In exercise and physical fitness, we can define body composition by the measurements and percentages of fat, bone, water, and muscle. In general, muscular tissue has less mass than fat tissue. The correlation helps to determine “leanness” Because muscular tissue takes up less space in the body than fat tissue, body composition, as well as weight, determines leanness.
BMI, or body mass index, is the most common and easiest measurement of body composition. You can find it by using your height and weight. The equation is weight in kilograms/height in meters².
Below is a handy chart to help map out BMI:
The measure of BMI indicates, using height to weight, an estimated body mass ratio; that can be categorized by “underweight, normal, or obese.”
- < 18.5 underweight
- 18.5–24.9 normal weight
- 25.0–29.9 overweight
- 30.0–34.9 class I obesity
- 35.0–39.9 class II obesity
- ≥ 40.0 class III obesity
Another easy measure of body composition is the waist to hip circumference ratio, which is literally the circumference of a person’s waist and hip.
Those measurements are conducted by measuring the circumference of the smallest part of the stomach/natural waist (WAIST) and the largest part of the booty/hip (HIP).

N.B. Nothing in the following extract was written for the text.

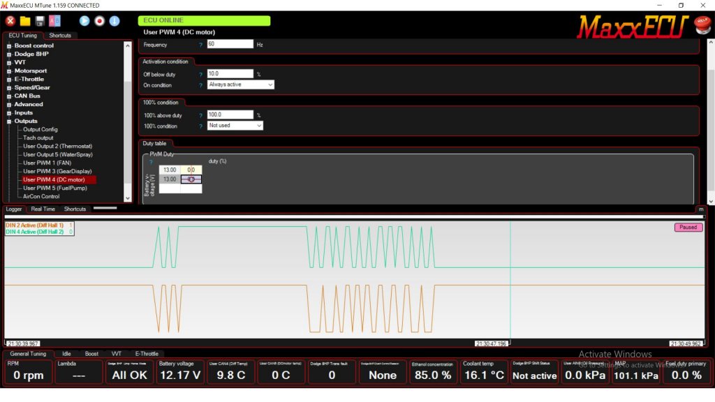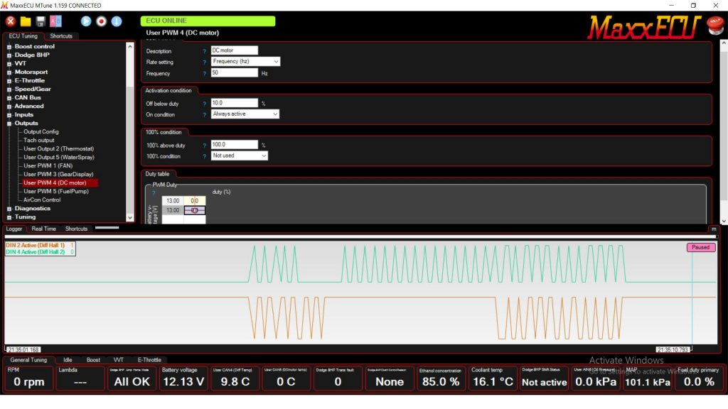 Jag provade istället använda 2 digitalingångar direkt på maxxecu och det fungerade klockrent direkt. väldigt snygg och korrekt pulståg på både kanalerna. Det blir en del extra kabeldragning från baktill på bilen men hellre det än en dålig funktion.

To find the ratio, you would divide the waist measurement by the hip measurement.
A ratio higher than 0.9 in men or 0.85 for women is an indicator of cardiopulmonary risk of disease, according to the World Health Organization. As outlined in the chart below, disease risk is measured in accordance with the waist to hip ratio in high, moderate, and low risk. (WHO)
Health risk
-Women: Low 0.80 or lower, Moderate 0.81–0.8, High 0.86 or higher
-Men: Low 0.95 or lower, Moderate 0.96–1.0, High 1.0 or higher
Other measures of body composition can include BIA analysis, DEXA scans, and underwater weighing. BMI and waist to hip ratio are the two easiest measurements. You can use them to analyze health/weight goals for fitness.